Hope springs eternal to Charlie Brown each fall as he approaches the football Lucy is teeing up for him to kick, knowing full well, if past is prologue, she will snatch it away at the last second. Political reformers bear a striking resemblance to the humiliated Charlie Brown in their dogged efforts to persuade the Supreme Court that extreme partisan redistricting is inimical to American democracy and a legitimate subject of judicial review and remediation. And the role of Lucy is played by Justice Anthony Kennedy.

Yesterday, the Supreme Court once again decided not to decide the merits of two partisan redistricting cases. The unanimous decision on Benisek v. Lamone, the case in Maryland in which Republicans are challenging a single gerrymandered Democratic U.S. House district, was unexceptional. The Supreme Court found it was not an abuse of discretion for the district court to deny the motion for preliminary injunction (to hold the 2018 election in a newly drawn district). The plaintiffs were too late in filing and failed to make a convincing case for their likely success in a full hearing; so, the case returns to the lower court.

The major case decided was Gill v. Whitford, a Democratic challenge to the gerrymander of the entire map of Wisconsin’s state legislative districts following the 2010 Census that reaped Republicans an exceedingly rich harvest of seats relative to the votes they won in the subsequent elections. The challenge succeeded in getting a full hearing before the district court and then winning a 2-1 decision by a three-judge panel, which ordered that a remedial map be put in place in time for the next election. The defendants appealed the order to the Supreme Court, which both stayed the district court order and postponed consideration of its own jurisdiction.
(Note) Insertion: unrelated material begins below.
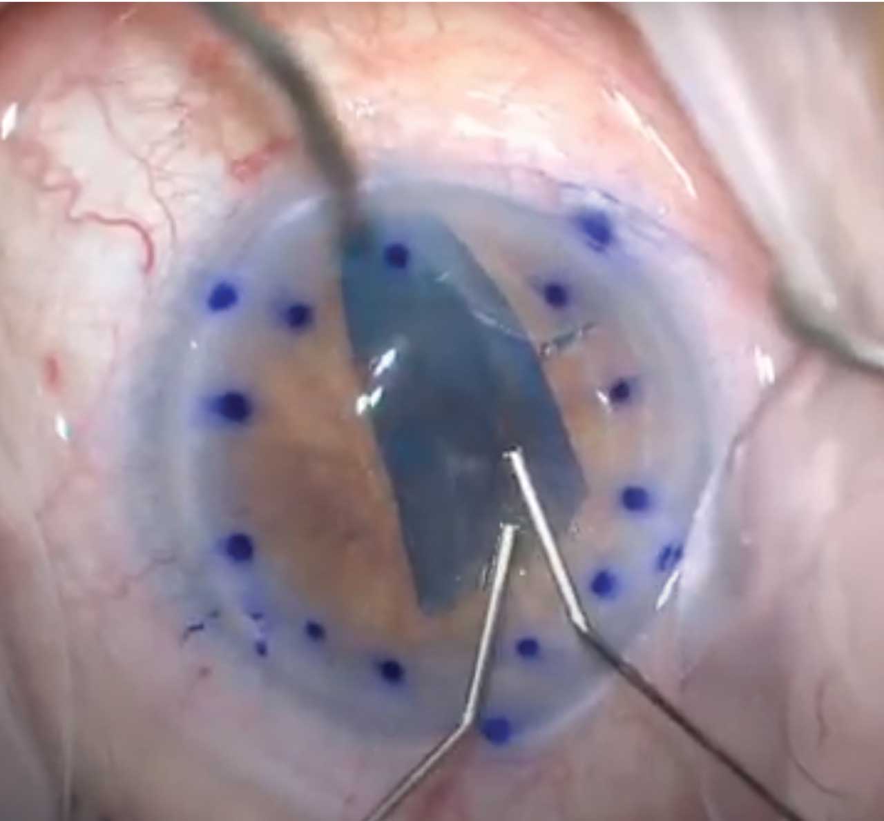 PK involves complete replacement of the host cornea with a full-thickness donor corneal graft and can be utilized to treat a broad range of corneal disease. In PK, a trephine is used to make a full-thickness incision into the host cornea to remove the diseased tissue, which is then replaced with a donor corneal button that is sutured in place.

Yesterday all nine justices found that the plaintiffs lacked standing to bring its constitutional challenge and therefore vacated the order of the district court. At the same time, seven justices (with Thomas and Gorsuch dissenting) remanded the case back to the lower court to afford plaintiffs an opportunity to demonstrate individual injury on a district-by-district basis.
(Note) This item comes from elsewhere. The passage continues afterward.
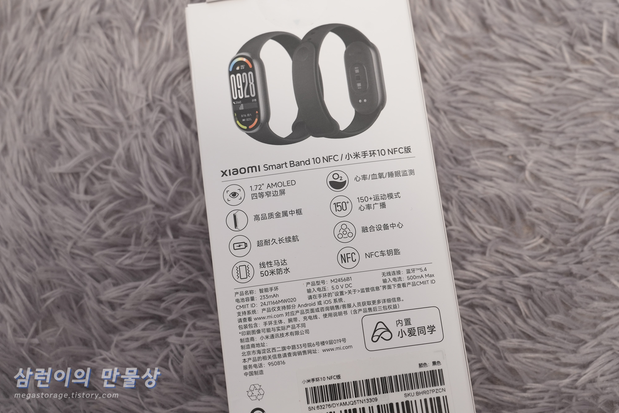 샤오미 미밴드 10 NFC 모델의 박스 후면에는 간단한 스펙이 중국어로 적혀있습니다. 중국 내수품이라서 중국어로 적혀있네요.
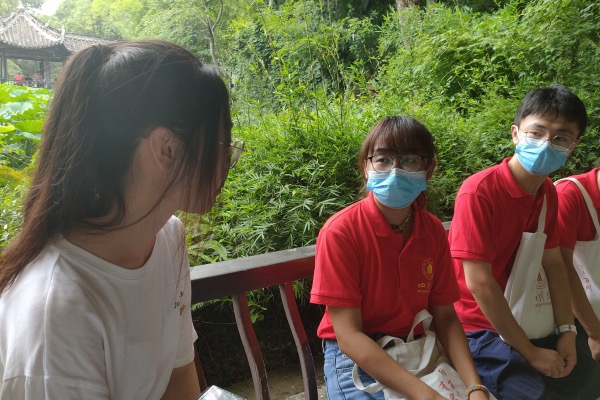 三苏祠建立在北宋文豪苏洵、苏轼、苏辙三父子的故居旧址上。实践团依次参观前厅、飨殿和启贤堂等古迹,朗读建筑上的楹联牌匾、复诵苏轼诗词,在古典韵味中体悟三苏的家训家风、感受三苏文脉,深入认识中华优秀传统文化的深厚底蕴。参观结束后,实践团偶遇同在重走总书记四川考察路线的的四川大学研学团成员。针对优秀传统文化传承问题,研学团代表表示,从旅游管理专业的角度,以三苏文化为例,旅游的方式可以弥补传统文化宣传教育的不足。此外,通过采取元宇宙的模式推广传统文化,游客体验感得以大大增强。

So what are we to make of this? The Court seems no closer to entering the political thicket of partisan gerrymandering than it was when Justice Kennedy wrote in Vieth v. Jubelirer (2004) “there are yet no agreed upon substantive principles of fairness in districting,” and that, consequently, “we have no basis on which to define clear, manageable, and politically neutral standards for measuring the particular burden” on constitutional rights. None of the standards developed in the two decades since Kennedy provided a ray hope to partisan gerrymandering critics has passed muster with him. Much of the plaintiff briefing in Whitford was specifically addressed to his concerns. Justice Kagan’s separate concurring opinion, joined by the other three liberal justices, telegraphs a legal strategy of building a case on associational rights protected by the First Amendment, making party fairness and state-level information a legitimate basis for standing. Whether Justice Hamlet (Rick Hasen’s characterization of Kennedy) finds a way of breaking the deadlock on the Court is anyone’s guess. Same with Lucy.
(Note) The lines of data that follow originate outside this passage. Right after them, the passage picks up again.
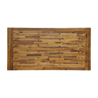 - PREMIUM ACACIA WOOD CONSTRUCTION: Crafted from solid acacia wood, this dining set offers natural durability and weather resistance. The sandblast teak finish enhances its rich, organic look, making it a timeless addition to your outdoor space.
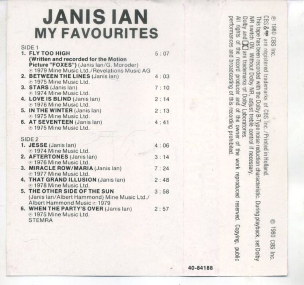 Janis Ian – My Favourites 12 nrs cassette 1980 ZGAN
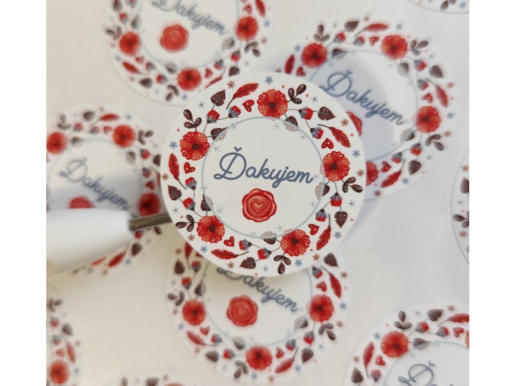 Jednoduché a nadčasové ďakovné nálepky so slovom „Ďakujem“, ktoré sa hodia ku každému baleniu.

In the meantime, the cases against extreme partisan gerrymandering will keep coming. The next one likely to be heard by the Supreme Court is the notorious North Carolina gerrymander. Following the recent success in Pennsylvania, state constitutions and statutes might be used when the federal judiciary fails to act. And then there are the 2018 and 2020 state elections preceding the next round of reapportionment and redistricting. One way or another, the battle will continue.